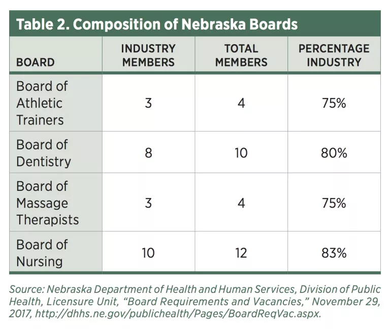 Industry domination of licensing boards is also problematic. Table 2 provides a snapshot of Nebraska board composition. In Nebraska, 81 percent of boards are required by law to have a majority of their members be license holders.
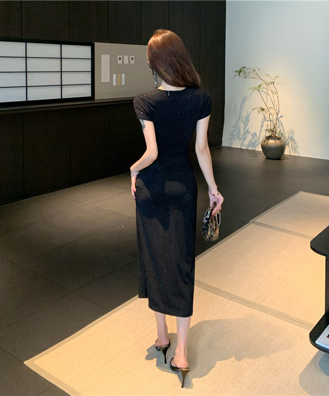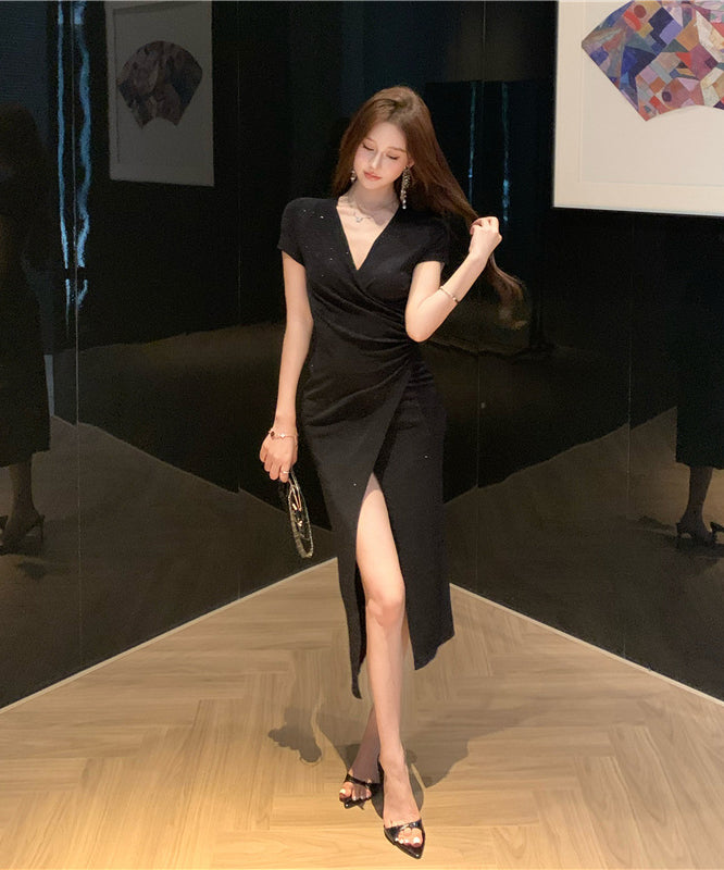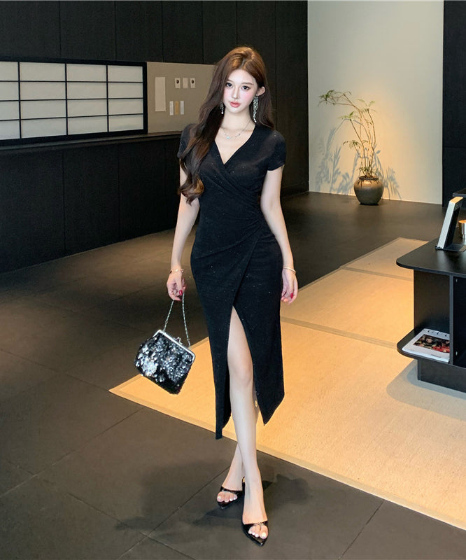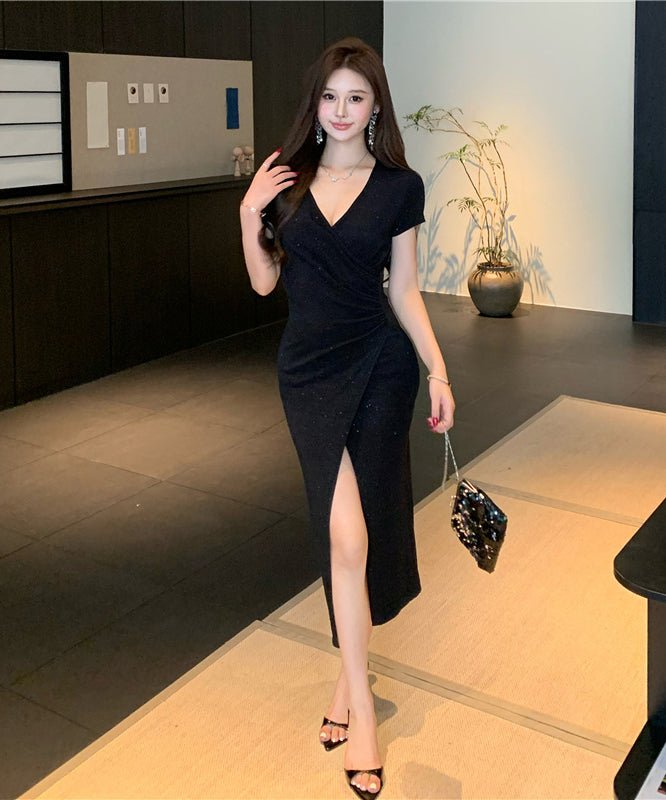 ロングドレス キャバドレス セクシー フェミニン キラキラ セレブ風 Vネック クロスヘム ボディコン ハイスリット パーティー JC2-LQE1205HF350
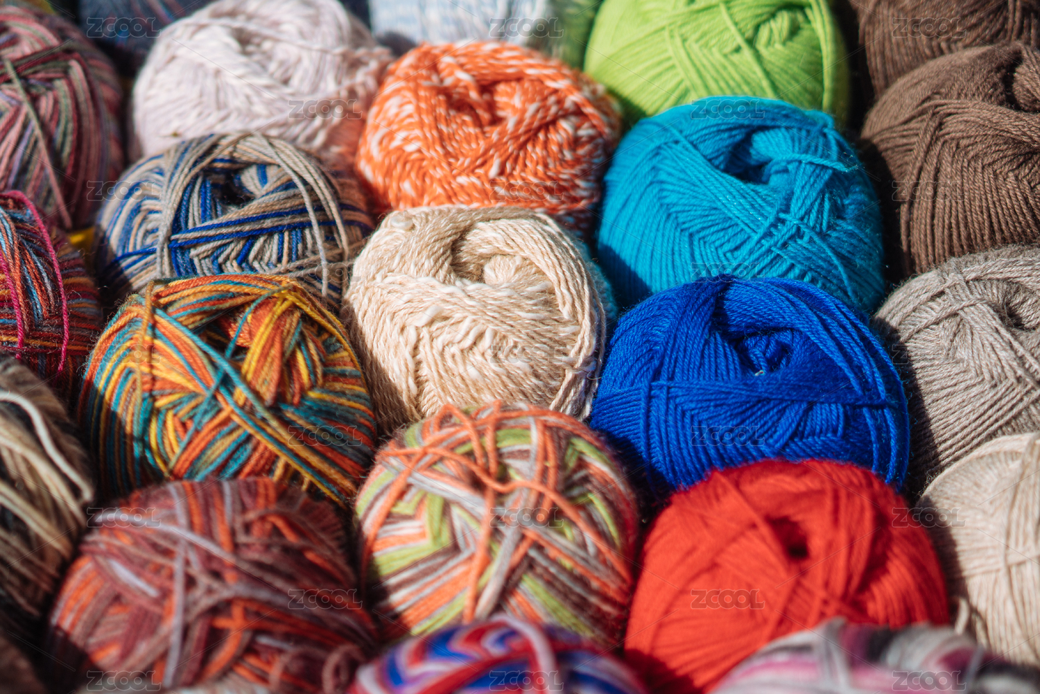 五顏六色的擺放整齊的編織毛線團(tuán)
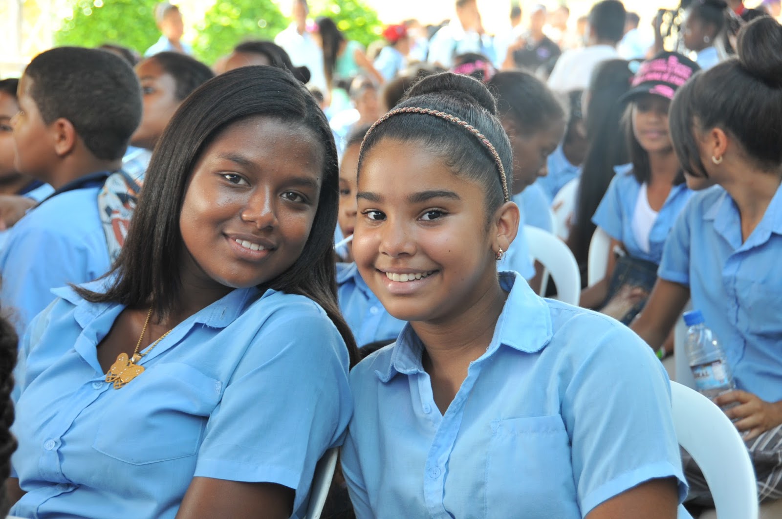 | Rostros felices de estudiantes que asistieron al acto |
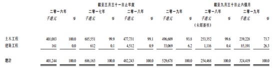 于往绩记录期间,公司合共承接28个土木工程项目及3个建筑工程项目,所有该等项目均为公司贡献收益。在该等31个项目中,10个乃于往绩记录期间之前进行,及6个、1个、3个、9个及2个项目分别于截至2016年-2019年3月31日止年度以及截至2019年9月30日止六个月授予公司。
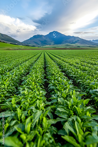 Fototapeta premium Mountain view over vibrant green farmland rows
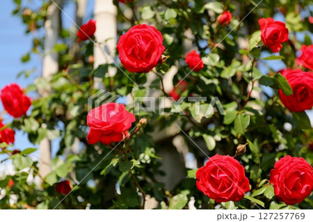 青空に映える満開の赤いバラ
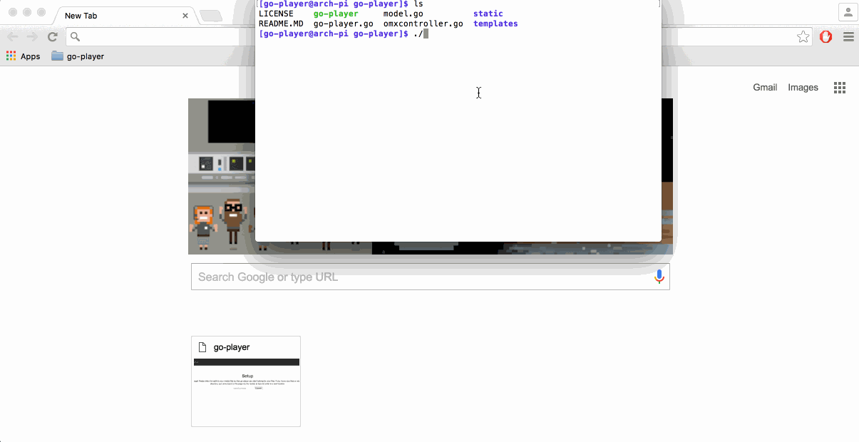 This is the go version of my other project, sto-player which is written in python and uses web.py and popen as external dependencies. One of the reasons I started this project was I noticed a bit of slowness to sto-player on occasion (Testing this on the RPi2 hardware). sto-player could sometimes take around 2 seconds to perform commands like starting or stopping a film. go-player in contrast however is pretty much instantaneous in everything it does.
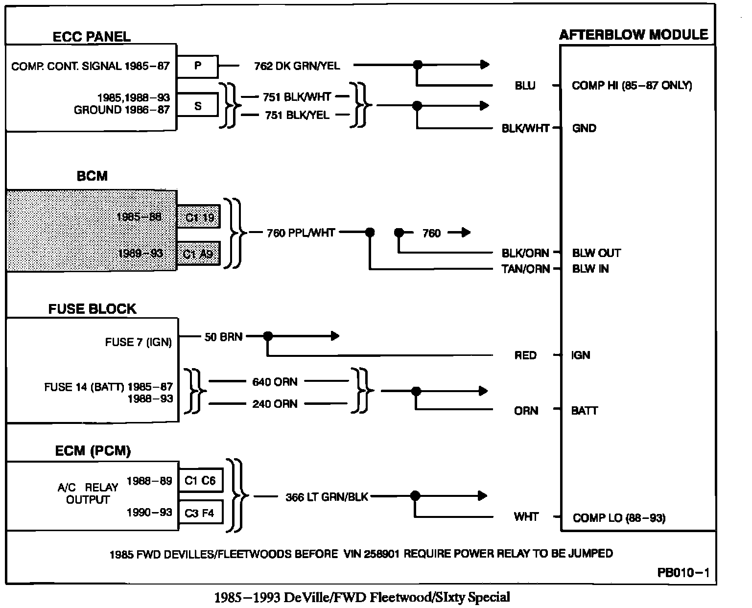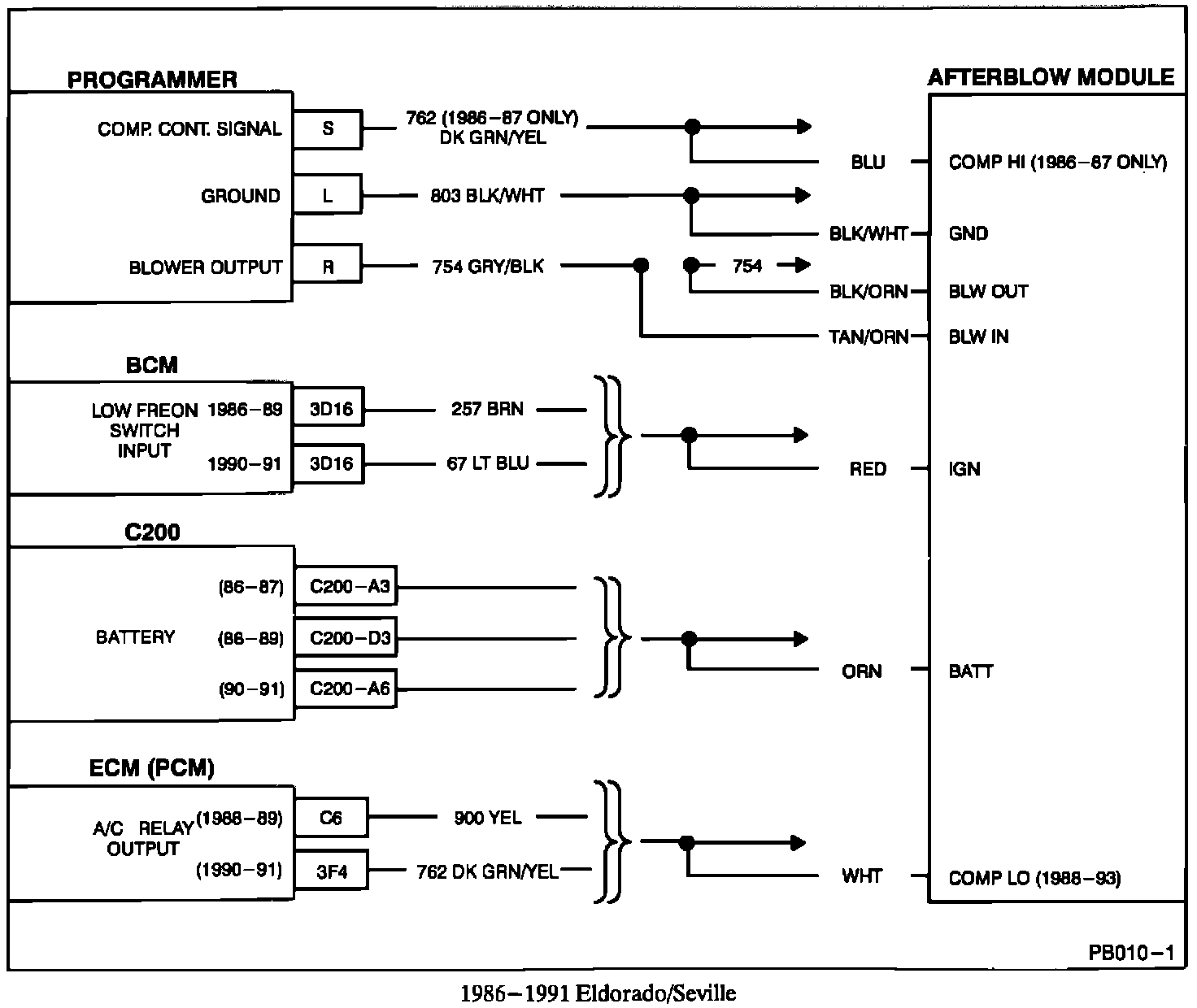 The installation of the afterblow module as outlined in the following steps will turn the blower motor on approximately 50 minutes after the vehicle ignition is turned off if the compressor was engaged for more than four minutes during the last ignition cycle. During the first 50 minutes after the vehicle ignition is turned off, the evaporator will accumulate water condensate on the core. Cycling the blower motor at high speed for approximately five minutes will force the water to be shed from the core and to drain from the evaporator case. This procedure is used to prevent the recurrence of the odor. Be sure to advise the owner of this change in operation.1. If vehicle is equipped with Passenger Side Air Bag (1993 Eldorado/Seville), refer to the appropriate Service Information Manual and follow the procedure to disable the SIR.
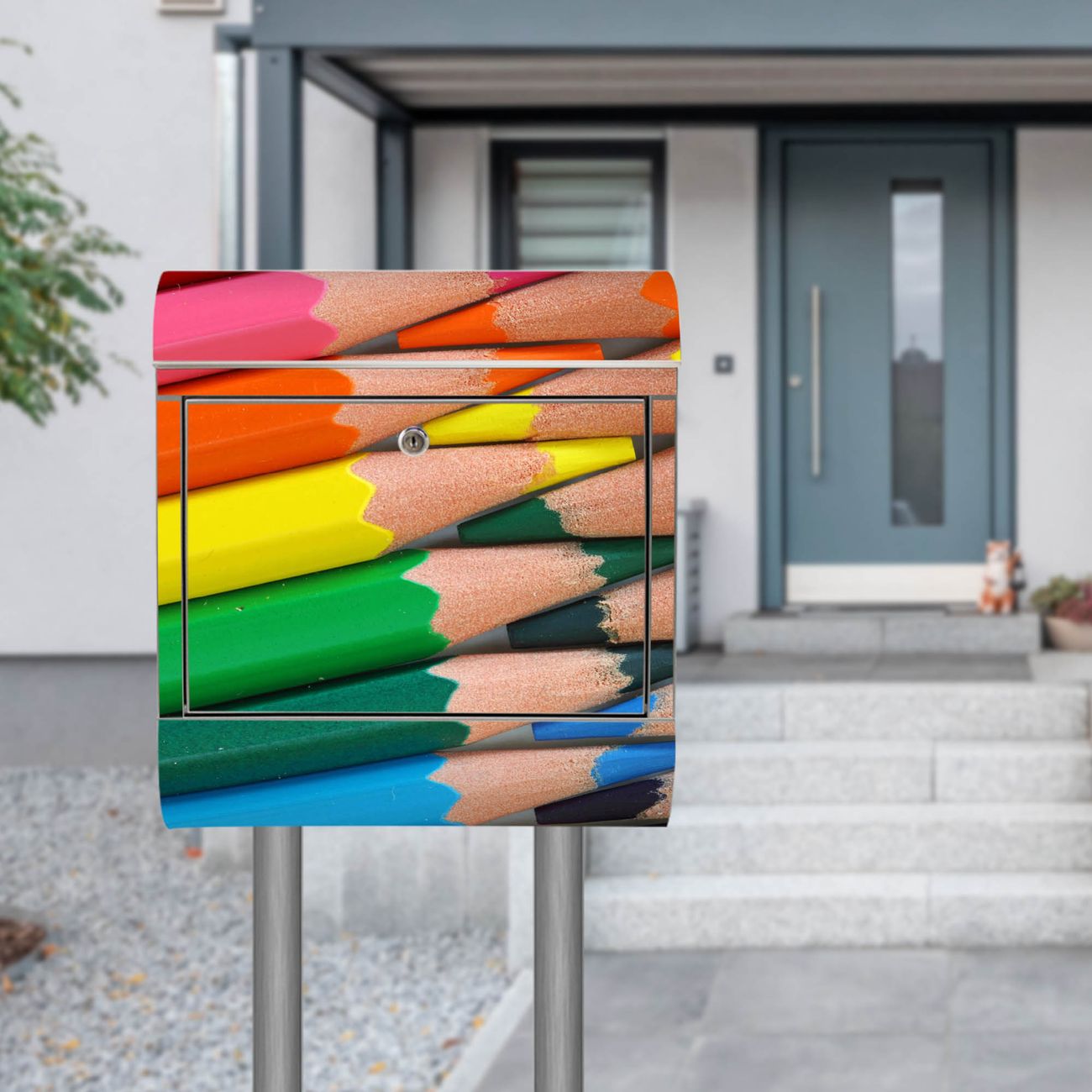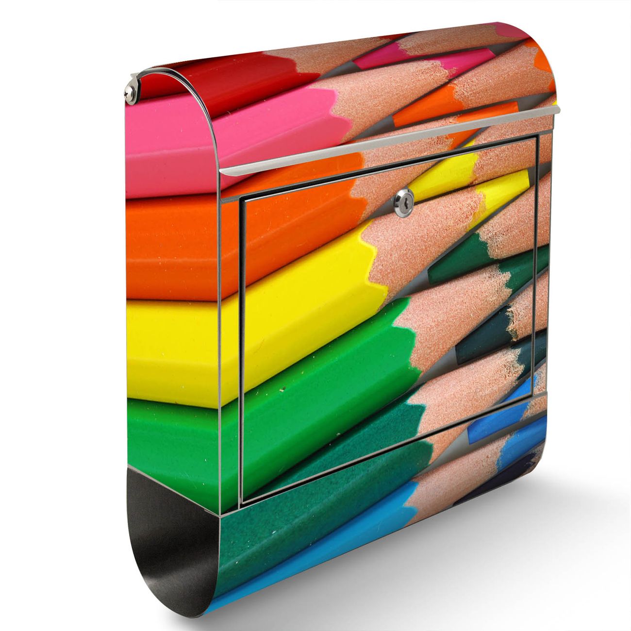 Der Motivstandbriefkasten hat ein sehr ansprechendes und ausgefallenes Design, damit entlocken Sie Ihren Nachbarn und dem Postboten ein Lächeln. Heben Sie Sich ab von der tristen grauen Masse, ohne auf Funktionalität zu verzichten. Der Briefkasten besteht aus hochwertigem 18/0 Edelstahl und die Wetter- und UV-resistenten Folie mit Malstifte Motiv ist zusätzlich mit einem Schutzlaminat überzogen. Der Standbriefkasten wird mit Montagematerial und zwei Schlüsseln geliefert.
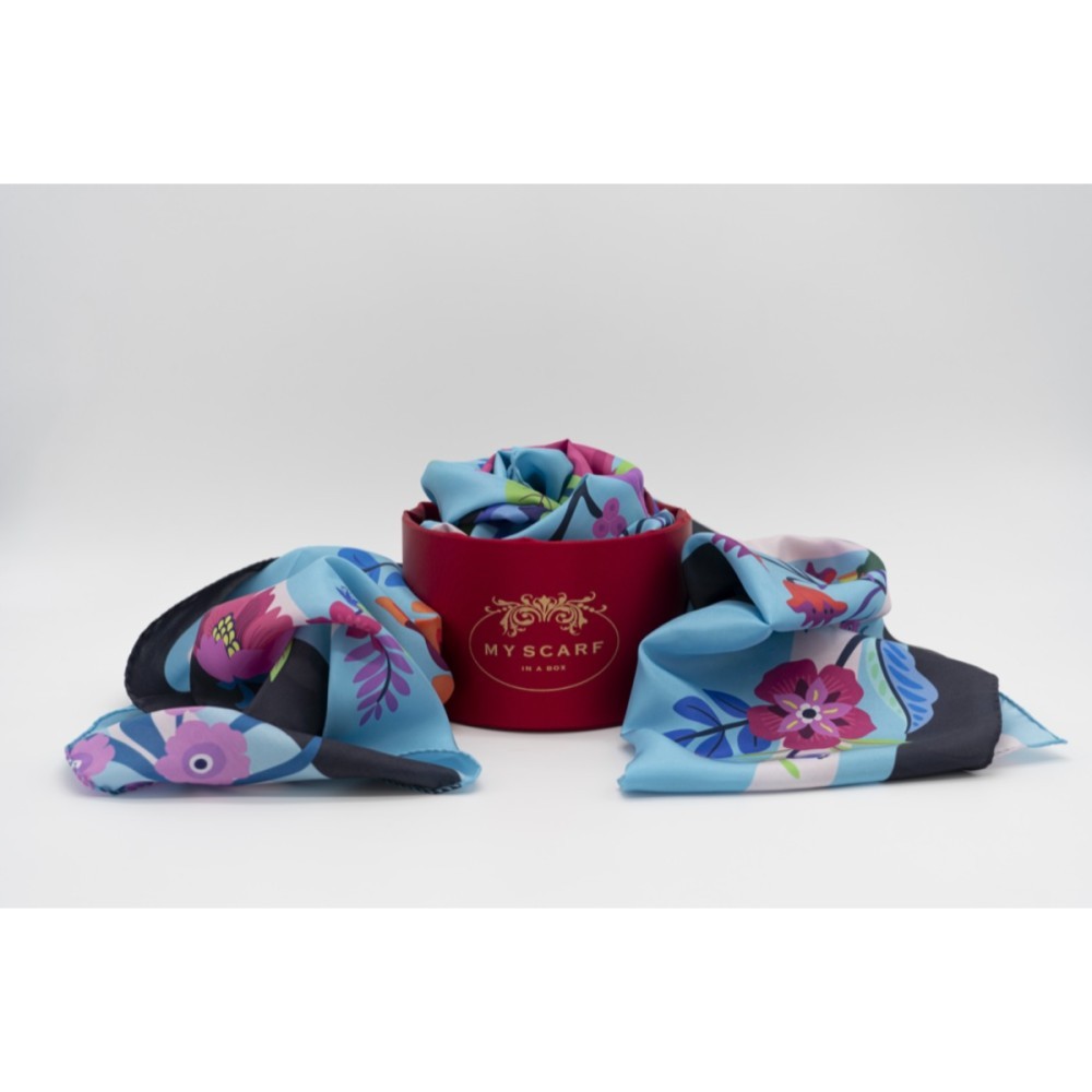 Eșarfă Arcadia din mătase naturală. Culoare: multicoloră Dimensiuni: 165 cm x 40 cm Material: 100% mătase naturală Cusătură : manuală Sezon: toate sezoanele Made in Italia Eșarfă 100% din mătase naturală, cu imprimeu integral cu motive florale. Vopsită, într-o ediție limitată, prin tehnici tradiționale care dau o iridescență incredibilă.

--

Work order: Repeat the listing above word for word, omitting the pictures.

Written solution:
 Industry domination of licensing boards is also problematic. Table 2 provides a snapshot of Nebraska board composition. In Nebraska, 81 percent of boards are required by law to have a majority of their members be license holders.
 ロングドレス キャバドレス セクシー フェミニン キラキラ セレブ風 Vネック クロスヘム ボディコン ハイスリット パーティー JC2-LQE1205HF350
 五顏六色的擺放整齊的編織毛線團(tuán)
 | Rostros felices de estudiantes que asistieron al acto |
 于往绩记录期间,公司合共承接28个土木工程项目及3个建筑工程项目,所有该等项目均为公司贡献收益。在该等31个项目中,10个乃于往绩记录期间之前进行,及6个、1个、3个、9个及2个项目分别于截至2016年-2019年3月31日止年度以及截至2019年9月30日止六个月授予公司。
 Fototapeta premium Mountain view over vibrant green farmland rows
 青空に映える満開の赤いバラ
 This is the go version of my other project, sto-player which is written in python and uses web.py and popen as external dependencies. One of the reasons I started this project was I noticed a bit of slowness to sto-player on occasion (Testing this on the RPi2 hardware). sto-player could sometimes take around 2 seconds to perform commands like starting or stopping a film. go-player in contrast however is pretty much instantaneous in everything it does.
 The installation of the afterblow module as outlined in the following steps will turn the blower motor on approximately 50 minutes after the vehicle ignition is turned off if the compressor was engaged for more than four minutes during the last ignition cycle. During the first 50 minutes after the vehicle ignition is turned off, the evaporator will accumulate water condensate on the core. Cycling the blower motor at high speed for approximately five minutes will force the water to be shed from the core and to drain from the evaporator case. This procedure is used to prevent the recurrence of the odor. Be sure to advise the owner of this change in operation.1. If vehicle is equipped with Passenger Side Air Bag (1993 Eldorado/Seville), refer to the appropriate Service Information Manual and follow the procedure to disable the SIR.
 Der Motivstandbriefkasten hat ein sehr ansprechendes und ausgefallenes Design, damit entlocken Sie Ihren Nachbarn und dem Postboten ein Lächeln. Heben Sie Sich ab von der tristen grauen Masse, ohne auf Funktionalität zu verzichten. Der Briefkasten besteht aus hochwertigem 18/0 Edelstahl und die Wetter- und UV-resistenten Folie mit Malstifte Motiv ist zusätzlich mit einem Schutzlaminat überzogen. Der Standbriefkasten wird mit Montagematerial und zwei Schlüsseln geliefert.
 Eșarfă Arcadia din mătase naturală. Culoare: multicoloră Dimensiuni: 165 cm x 40 cm Material: 100% mătase naturală Cusătură : manuală Sezon: toate sezoanele Made in Italia Eșarfă 100% din mătase naturală, cu imprimeu integral cu motive florale. Vopsită, într-o ediție limitată, prin tehnici tradiționale care dau o iridescență incredibilă.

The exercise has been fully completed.